The difference, Owens noted, is that there will be an increase in the levy.

“This is the first time in 10 years that we will ask for a 2/10th increase,” she stated. “This will carry us into the next five years, especially with the increase in the price of gas and food plus the growing number of elderly in the community. Without this levy, it will be hard to provide services to our community.

“In 2013, we provided over 200,000 home delivered meals, 600-700 home delivered meals a day,” she continued. “More than 50,000 congregate meals at different sites; 14,500 transportation trips to doctors, grocery stores, etc.; 322 units of legal services; and more than 400 exercise classes. We have had to trim down some of the alternate programs over the past 10 years to preserve the food and transportation programs. We currently have 200 people on the waiting list for home- delivered meals.”

Council unanimously passed a motion to support the issue on the ballot.

Village resident David Cusick then addressed council regarding paving on Tera Manor.

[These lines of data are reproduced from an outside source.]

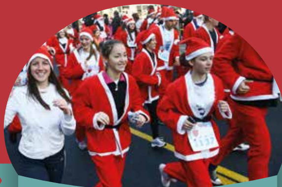
Marcia dei Babbi Natale
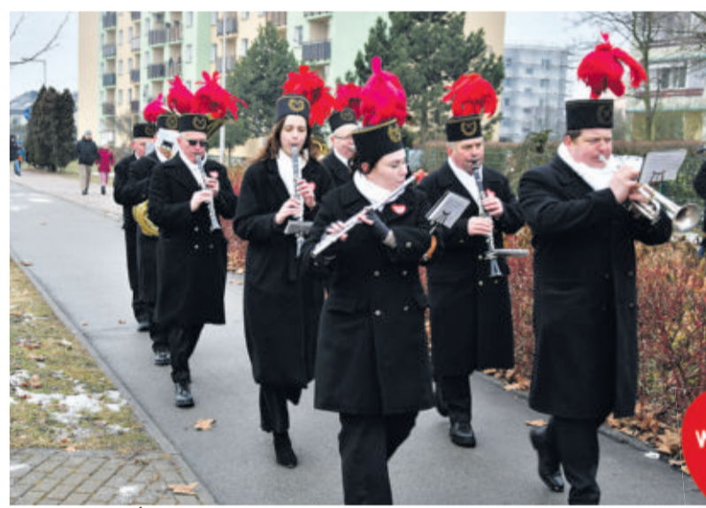
34. Finał WOŚP nie mógł się obyć bez górniczej orkiestry
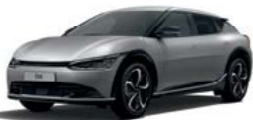
Moonscape (KLM)* צבע בתוספת תשלום*
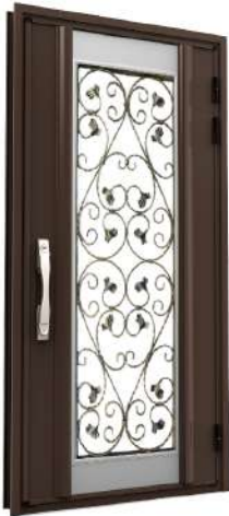
EF01 消光咖啡+鋼珠艶消
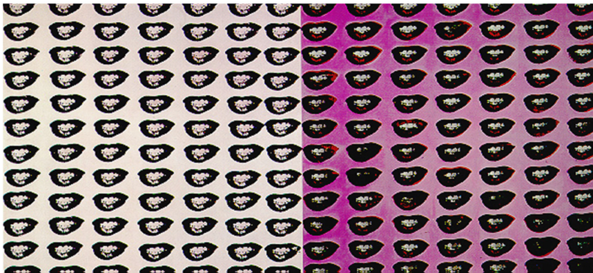
Fig. 11 : Andy Warhol, Marilyn Monroe's lips , 1962.

Regardons aussi un peu Claes Oldenburg et la manière dont il met en scène l'espace et ses objets surdimensionnés (fig. 3), gonflés, qui inversent la relation entre consommateur et objet consommé, l'être moderne étant happé par ceux-ci, à l'exemple du mamelon de terre qui consomme lentement l'être qu'il devrait nourrir (si l'on pense à la fausse « terre nourricière » et aux œuvres métonymiques de César, fig. 2). La bouche de Pas moi , les têtes suspendues dans le noir, à trois mètres du sol, ne fuient-elles pas le réalisme scénique classique, par la transfiguration du banal, tout en restructurant le figuratif d'une manière plastique, en hyperbolisant la forme et en déstructurant les contenus ? La métonymie iconique, cette hyperbolisation d'une partie du corps qui prend sur elle le poids de l'être dans sa totalité, tout en accentuant le vide qui l'accable, que l'on retrouve si souvent chez Andy Warhol et dans le Pop Art (fig. 11), n'est-elle pas aussi une métonymie existentielle chez Beckett : « l'être tout entier... (sus)pendu à ses paroles... » ?
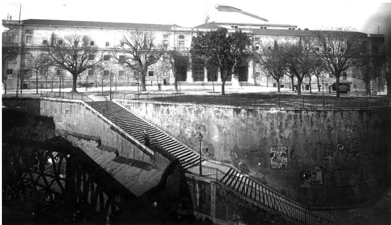
Palácio das Cortes – o edifício que acolheu a Assembleia Nacional Constituinte, c. 1903.

Essa seria uma Nação “composta por todos os seus elementos”, pelo “conjunto de todos nós”, pelo “povo”, tido como equivalente à nação, e por todas as classes. Isso naturalmente excluiria a existência de uma representação política por classes sociais e, tal como Teófilo Braga veementemente defendeu na Assembleia Constituinte, também a necessidade de uma segunda câmara. ■
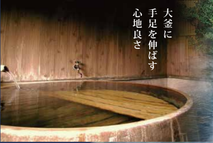
貸切内湯「大酒釜風呂」 地元の酒蔵より譲り受けた直径2mの大釜です。
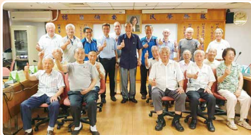
↑八德榮家獲得住民們的好評。

“During the paving, my driveway was broken up,” he stated. “I have talked to Walt Ziemba (village administrator) about this numerous times and I don’t want the village to have to pay for this. I want Shelly & Sands to fix the mistake they made during paving. I would like an estimated date when this should be fixed since it has been 10 months since the incident. I have tried to contact Shelly & Sands and they will not speak with me, and they will not answer Walt.”

Mayor Bob Gale told Cusick he would allow two more weeks for Shelly & Sands to fix the driveway.

“We will reach out to them one more time, and if they do not respond, we will go out to bids to other companies,” he said. “We held back $4,000 from the payment of the project until they complete this job. We hope to have this fixed by the end of May.”

Ziemba then told council Phase I of the waste water treatment plant update is winding down.

“We have a couple bigger items that they will start on next week, followed by the landscaping and paving,” he stated. “We are still on target to have the project completed by June 1.”

Phase 1 of the project included headwords, new screening, grit and grease removal; new grit classifier building; new influent & effluent flow monitoring; new aerobic digester tank; new scum pump station; replace aeration diffusers; new belt filter press; rehab clarifiers; geodesic dome clarifier covers; UV disinfection system; update electrical system; add two new blowers; raise flow EQ tank wall; and asphalt resurfacing.

“The bids will open for Phase 2 on Tuesday at 10 a.m.,” he continued. “Phase 2 includes upgrades to five of the larger lift stations and 85 manholes.”

He also noted there will be a pre-construction conference April 29 to determine when work for Phase 3 will begin.

In other business:

– It was noted village office are closed today in observance of Good Friday.

– Council passed a second and third reading, asking voters to approve state Issue I on the May 6 ballot. The issue, a constitutional amendment, would allow the state to borrow up to $1.875 billion over 10 years through issuance of general obligation bonds to pay for improvements for roads and bridges and other forms of infrastructure.

The next council meeting will be at 7 p.m. May 1 at the municipal building.